• Percentage of responders with response duration > 6 months [ Designated as safety issue: No ]
  

OBJECTIVES:

• Determine the response rate and duration of response in patients with unresectable hepatic metastases secondary to ocular melanoma treated with isolated hepatic perfusion with melphalan followed by temozolomide.
• Determine the pattern of recurrence in patients treated with this regimen.
• Determine the disease-free and overall survival of patients treated with this regimen.
• Determine the quality of life of patients treated with this regimen.

OUTLINE: Patients who are otherwise eligible undergo exploration through a limited incision. Patients with peritoneal seeding or unresectable extrahepatic metastatic disease are removed from study. All other patients undergo isolated hepatic perfusion (IHP) and receive melphalan intra-arterially over 1 hour.

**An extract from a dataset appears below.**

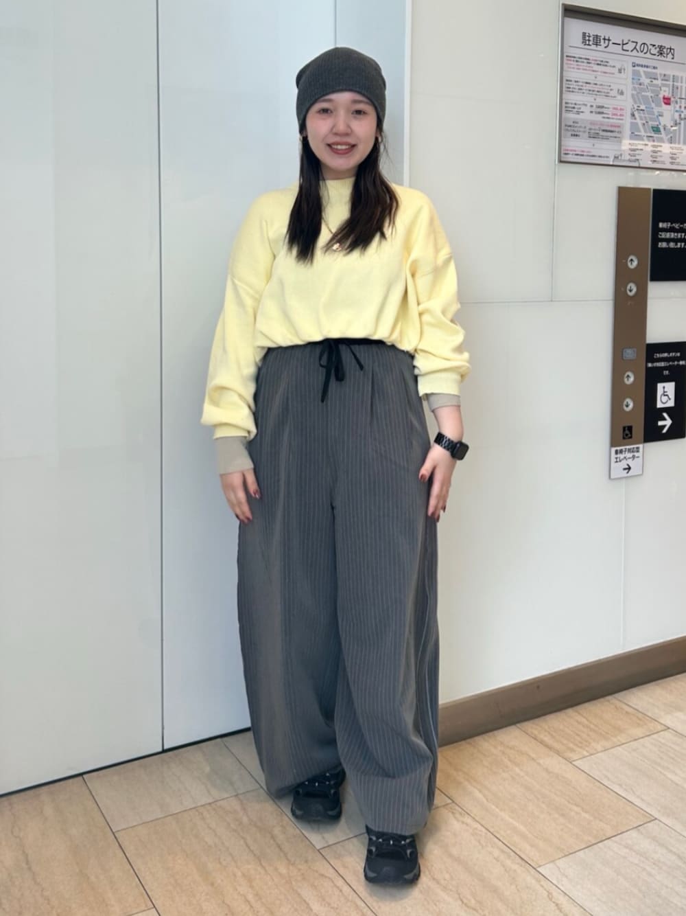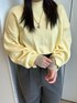 knit:コットン混ショートルーズニットのイエロー着用しております! 丈感が短めなのでインしなくても綺麗に着れます◎ 袖のバイカラーがポイントで可愛いです! pants:スラックスはSサイズを着用しております! スニーカーだと靴に乗っかる丈感で、 ブーツや厚底合わせだとフルレングスで 着ていただけます! 薄くストライプが入っているのもおすすめポイントです☆

Within 8-12 weeks after IHP, patients are re-evaluated by MRI. Patients with stable or responding disease receive oral temozolomide once daily on days 1-5. Treatment repeats every 28 days for up to 12 courses in the absence of disease progression or unacceptable toxicity.

Quality of life is assessed at baseline, 8-12 weeks after IHP, every 3 months during temozolomide, and at all follow-up visits.

Patients are followed every 3 months for 2 years and then every 4 months thereafter.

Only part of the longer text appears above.